As rati noted above, Prolog queries are resolved by choosing a rule, recursively evaluating it using depth-first search, then choosing the next rule and repeating the process. However, the particular rules you're starting with actually result in a breadth-first search of the family tree, which, as you noted, does not give output that matches the actual line of succession. Instead, you want to do a depth-first traversal of the royal family tree. This version gives the result you're looking for:
successor(X, Y) :- son(X, Z), (Y = Z; successor(Z, Y)).
Using this rule, Prolog resolves the query successor(X, Y) roughly as follows:
For each Z who is a son of X:
Bind Y to Z, giving Z as a solution.
The ; operator functions as a logical OR, so now Y is unbound and successor/2 is called recursively to get the successors who are sons of Z.
And yes, please do try to get a copy of the Art of Prolog. It's not the easiest programming book to read, but I found it extremely helpful in my (ongoing) attempt to understand logic programming. There seem to have been some cheap hardcover copies of the 1994 edition floating around eBay lately.
You said:
The first rule makes all three immediate children print out, then the second rule prints out all the descendants.
For any given predicate (such as successor/2), PROLOG will generally evaluate all the possible solutions for the 1st clause, then the next, etc. up to the last clause, in that order. Therefore, PROLOG will behave exactly as you've suggested above - solutions to immediate children will be found first, as the first clause of successor/2 does just that, and the second clause finds the descendants. If you were after a different order, try re-ordering the clauses (i.e.);
successor(X, Y) :- son(X, C), successor(C, Y).
successor(X, Y) :- son(X, Y).
This will cause PROLOG to evaluate to:
?- successor(elizabeth, Y).
Y = william ;
Y = henry ;
Y = severn ;
Y = charles ;
Y = andrew ;
Y = edward.
i.e., all descentants before immediate children.
The ordering you've suggested as wanting, however, can't be achieved through a simple reordering of these subgoals. Instead, consider the various tree traversal methods; i.e., in-order, pre-order and post-order. You could write a (simple) program which is capable of walking the tree structure in various different ways, instead of the default evaluation order for PROLOG. For example, consider the following new definition of successor/2:
successor(Parent, [Son|SonDescendents]) :-
son(Parent, Son),
successor(Son, SonDescendents).
This clause seeks to depth-first populate a list of children under a son, and will backtrack to find all solutions.

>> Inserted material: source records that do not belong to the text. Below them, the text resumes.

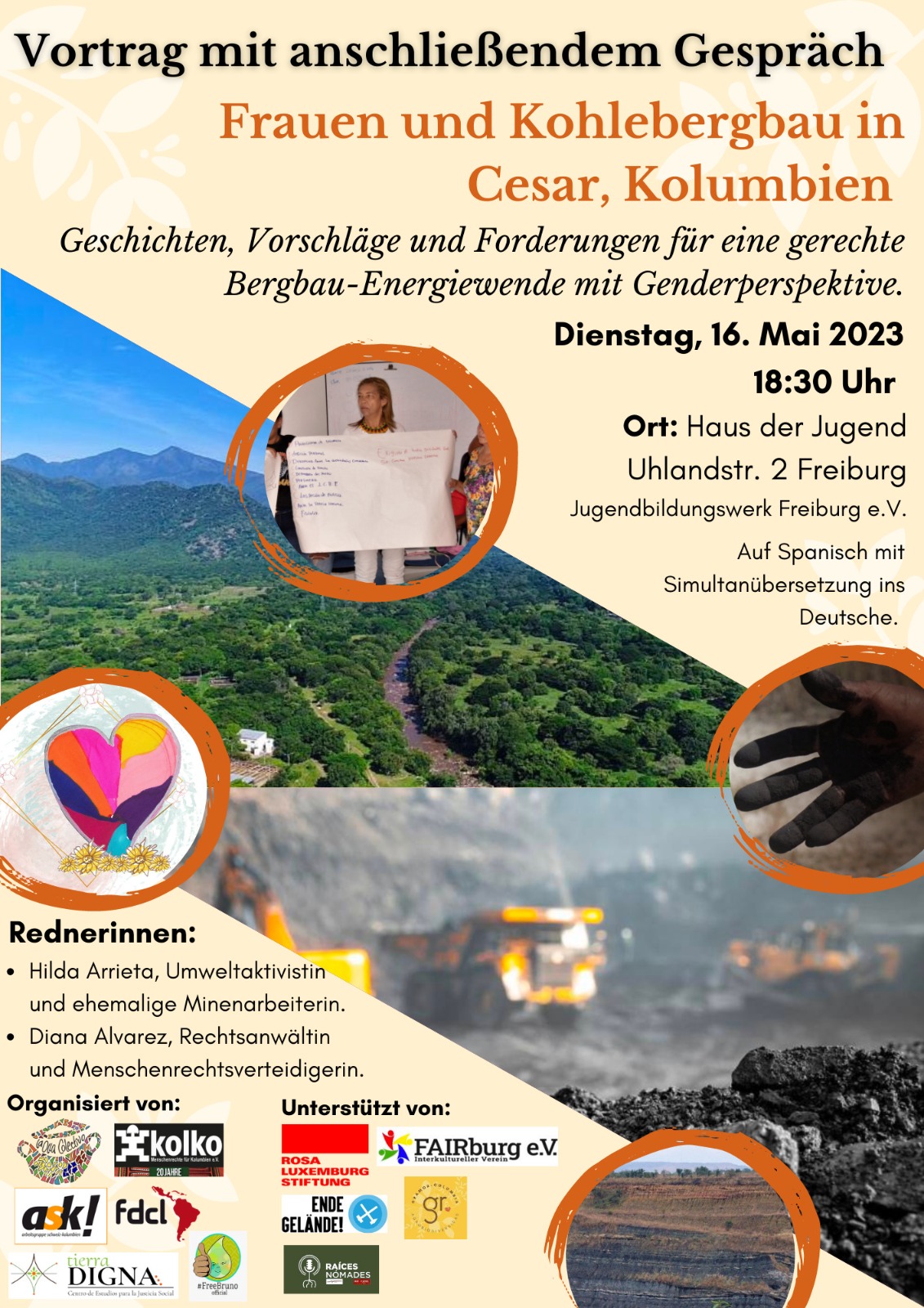 En su visita a Freiburg, Hilda Arrieta, lidereza y ex-trabajadora de una mina de carbón en el César y Diana Alvarez, abogada y defensora de derechos humanos, contribuirán a esta discusión desde su experiencia y conocimiento alrededor de las minas Calenturitas y Jagua (operadas por la empresa suiza GLENCOR); minas que al 2019 producían el 65% de carbón exportado en Colombia y que hoy se encuentra en fase de cierre.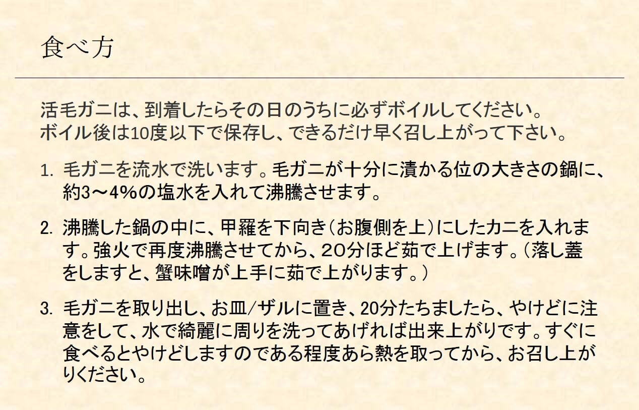 活きた状態のものを出荷します。ぜひこの機会で希少な巨大毛ガニをお試し下さい。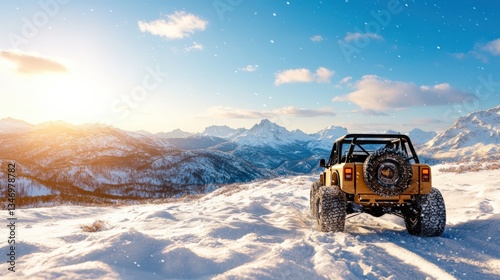 Photorealistic off-road vehicle navigating snowy mountain terrain in stunning detail, showcasing 3-giixel high fidelity in extreme winter conditions.

successor(NonParent, []) :-
\+ son(NonParent, _).
This next clause takes care of the base-case whereby the given individual does not have any sons, therefore no descendants enter the result list (empty).
Evaluating this gives:
?- successor(elizabeth, S).
S = [charles, william] ;
S = [charles, henry] ;
S = [andrew] ;
S = [edward, severn] ;
false.
ps. I highly recommend the following texts for learning PROLOG:
The Art of Prolog, by Leon Sterling and Ehud Shapiro
The Craft of Prolog, by Richard O'Keefe
Programming in Prolog, by Clocksin and Mellish
Your rule set looks good to me, it's giving you the right results, it's just printing them as it deduces them, which makes the order seem incorrect. Work through the results on paper and you will likely get a similar result.
Related
A paper I'm reading says the following:
Plaisted [3] showed that it is possible to write formally correct
PROLOG programs using first-order predicate-calculus semantics and yet
derive nonsense results such as 3 < 2.
It is referring to the fact that Prologs didn't use the occurs check back then (the 1980s).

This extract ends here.